BYOK (Bring Your Own Key)

Use your own provider API keys to avoid using the shared pool.

from openai import OpenAI

client = OpenAI(
    base_url="https://streamfix.dev/v1",
    api_key="sk_YOUR_STREAMFIX_KEY",
    default_headers={
        "X-Provider-Authorization": "Bearer YOUR_OPENROUTER_KEY"
    }
)

Benefits: Use your own OpenRouter account, avoid shared pool rate limits, more control over costs. StreamFix credits are still deducted (1 per request, 3 for Contract Mode), but upstream costs use your account.

Pricing

Item Cost
Basic request (repair only) 1 credit
Contract Mode (schema validation + retry) 3 credits
Free tier on signup 1,000 credits
Credit purchase $10 = 10,000 credits

Best Practices

  • Use Contract Mode for agent pipelines: Agents that parse JSON tool outputs or structured data benefit from schema validation and auto-retry -- not just streaming UIs.
  • Combine Strict Mode + Contract Mode: For maximum guarantees, enable both.

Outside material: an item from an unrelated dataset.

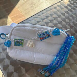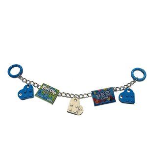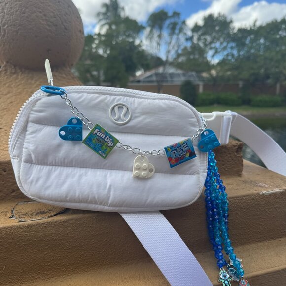 • Handmade mini bag charm featuring blue heart accents and playful candy-style charms

You get schema validation with retry and a hard 422 if the output still cannot be parsed.
  • Monitor X-StreamFix-Applied: This header tells you exactly which repairs were needed. Use it to understand which models produce bad output and to track repair rates over time.
  • Use BYOK to control upstream costs: Pass your own OpenRouter key via X-Provider-Authorization to separate upstream LLM costs from StreamFix credits.
  • Non-streaming for tool calls, streaming for UIs: Tool call argument repair only works in non-streaming mode. Use streaming for user-facing chat interfaces where latency matters.
  • Always use JSON Mode: Set response_format: {"type": "json_object"} when possible. StreamFix repairs what breaks, but starting with valid intent helps.
  • Handle 429s: Implement exponential backoff for rate limits (60 requests/minute).
  • Use Correlation IDs: Send X-Request-Id or X-Client-Request-Id header to track requests across your system logs.